The more complex a character, the less dependable he is. And everybody has some complexity. Even quiet Horatio, beloved of Hamlet for his steady self-control, tried to commit suicide.

Every fine novel and every fine drama must of course illustrate the law of causation—the principle of sufficient reason. But characters that run in grooves are not human. In Richard Baldock, we have, as we so often have in the work of Archibald Marshall, strife between father and son—a kind of civil war. This war, like many others, is begotten of misunderstanding. There is not only the inevitable divergence between the older and the younger generation, there is the divergence between two powerful individualities. We at first sympathize wholly with the son.
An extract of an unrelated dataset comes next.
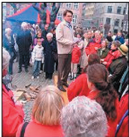
Kulturminister Brian Mikkelsen åbnede Historiens Dag på Gl. Strand i København.

Der var børn overalt på Historiens Dag 2006. Hele dagen - 30. april - legede og lyttede de sammen med deres voksne.

We say to ourselves that if any man is foolish enough to sacrifice all his joy in life to a narrow creed, why, after all, that is his affair; it is only when he attempts to impose this cheerless and barren austerity on others, that we raise the flag of revolt. At the deathbed of the young mother, one of the most memorable scenes in our author's books, we are quite certain that we shall never forgive the inflexible bigot; this hatred for him is nourished when he attempts to crush the son as he did crush his wife. Yet, as the story develops, and we see more deeply into the hearts of all the characters, we understand how the chasm between father and son is finally crossed. It is crossed by the only durable bridge in the world—the bridge of love, which beareth all things.

Tolerance—when based not on indifference, but on sympathy—is tolerant even of intolerance.